2020-05-12 02:09:59,897 [WARNING] modulus.export._tensorrt: Calibration file /workspace/tlt-experiments/yolo/export/cal.bin exists but is being ignored.
[TensorRT] INFO: Writing Calibration Cache for calibrator: TRT-7000-EntropyCalibration2
2020-05-12 02:09:59,897 [INFO] modulus.export._tensorrt: Saving calibration cache (size 9237) to /workspace/tlt-experiments/yolo/export/cal.bin
[TensorRT] WARNING: Rejecting int8 implementation of layer BatchedNMS due to missing int8 scales, will choose a non-int8 implementation.
[TensorRT] INFO: Detected 1 inputs and 4 output network tensors.

I am fresh new to TLT and TensorRT, so is there any idea what is going on and any potential solution?
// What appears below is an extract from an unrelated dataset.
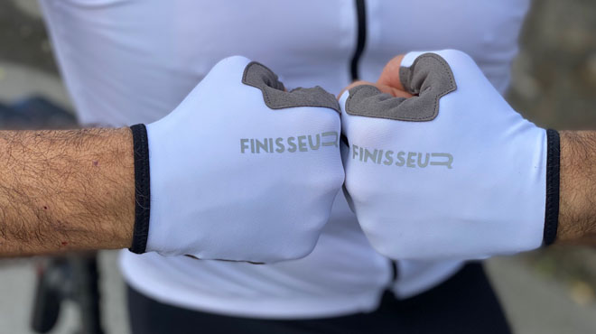 Il kit si chiude alla grande con Calze Finisseur con logo rosso, leggermente compressive nella zona del polpaccio e con i guanti Finisseur Pro Bianco ( 23.95€ ), realizzati con palmo in microfibra scamosciata e forata, con dita separate da linguetta per facilitare l’estrazione. Il polsino elastico privo di velcro è ottimo ed è amico di tutti i tessuti! Sono guanti stagionali per quanto mi riguarda, vanno usati e spremuti durante la primavera estate e poi messi da parte. Nel complesso il completo stacca buoni voti sotto molti punti. In primis il colore della maglia, un bianco estivo che non attira il calore e può contare su una protezione solare UPF +50.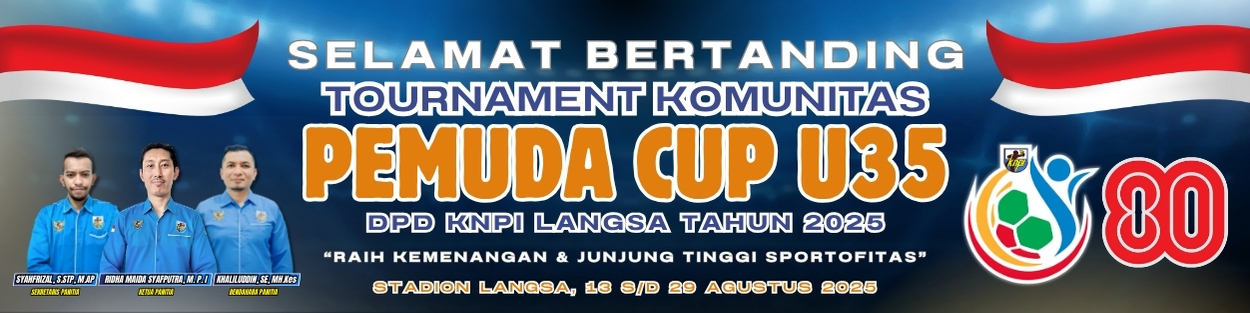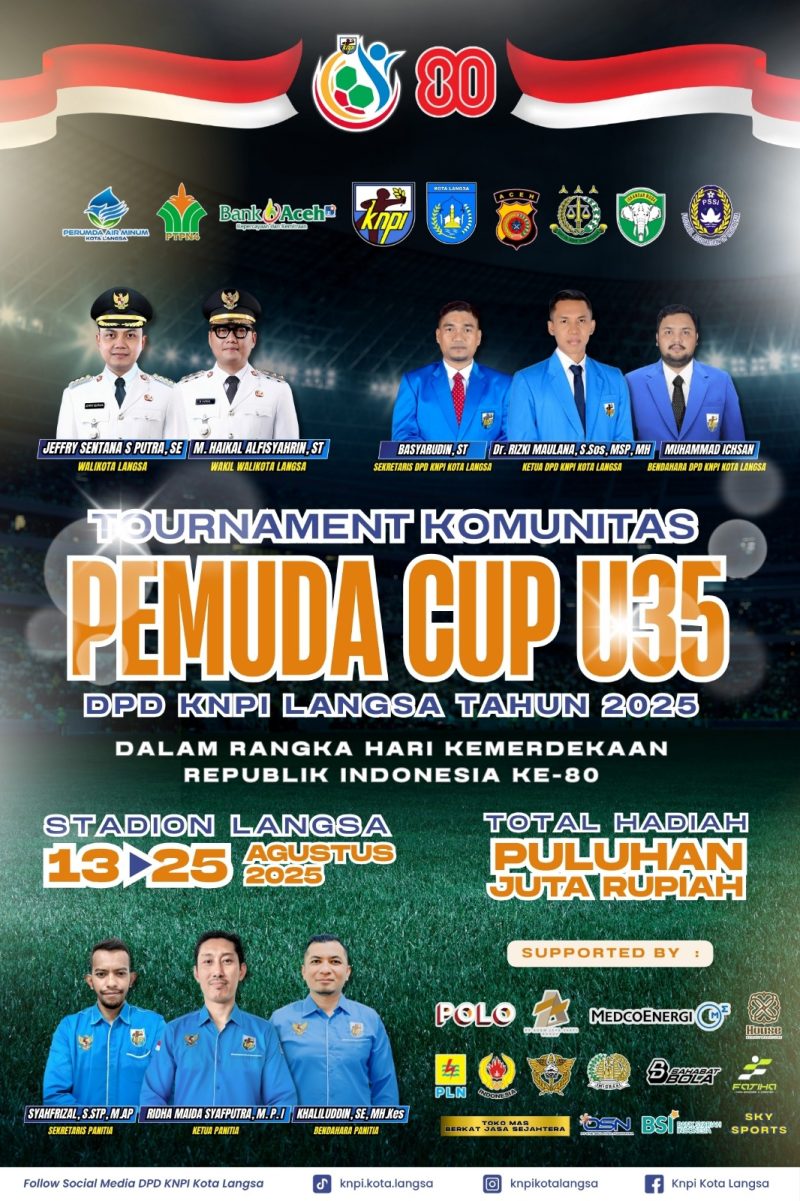 Langsa | Atjeh Terkini.id – Memperingati HUT RI ke 80, KNPI Langsa akan menggelar Tournament bola kaki usia 35 di Stadion Langsa yang dimulai tanggal 13 sampai 25 Agustus 2025.

I google-searched several forums but noting related to TLT version 2.

I appreciate your help! Thanks!

Morganh · May 12, 2020, 3:13am

As shown in the last cell of yolo notebook, please re-run again.

Note: If you see an error can not find BatchedNMS or None type is not iterable in running the cell below. Please re-run the tlt-converter cell. This usually means the engine is not built successfully.

wdw0908 · May 12, 2020, 3:38am

Hi Morgan,

Thanks for your reply. Actually, my issues is in generating int8 cache with tlt-export, rather than tlt-infer or tlt-converter, especially in the cell showing:

[TensorRT] WARNING: Rejecting int8 implementation of layer BatchedNMS due to missing int8 scales, will choose a non-int8 implementation.

I did not meet any issue in running tlt-converter and tlt-infer with trt engine. The result images from yolo_infer_images do not contain bounding boxes and it looks like it failed in the part of int8 calibration.

Morganh · May 12, 2020, 4:37am

For “tlt-infer”, it is not related to etlt model. When run “tlt-infer”, please set tlt model as its input.
So, the int8/fp16/fp32 exporting will not affect tlt-infer result.

wdw0908 · May 12, 2020, 4:59am

Thanks for your explanation. But my issue happens in running the tlt-export to generate calibration cache not tlt-infer, and I am confused by my failure in building int8 implementation only.

Please refer to the warning message: [TensorRT] WARNING: Rejecting int8 implementation of layer BatchedNMS due to missing int8 scales, will choose a non-int8 implementation.

Morganh · May 12, 2020, 5:00am

I am checking it. Will update to you if any findings.

wdw0908 · May 12, 2020, 6:26am

Thank you!

Morganh · May 13, 2020, 3:33am

Hi wdw0908,
You can ignore the warning log. Because BatchTilePlugin need not to have int8 implementation. It is for anchor box. Those are constants.

Actually you already get the correct output file: etlt file and cal.bin file. Please go ahead.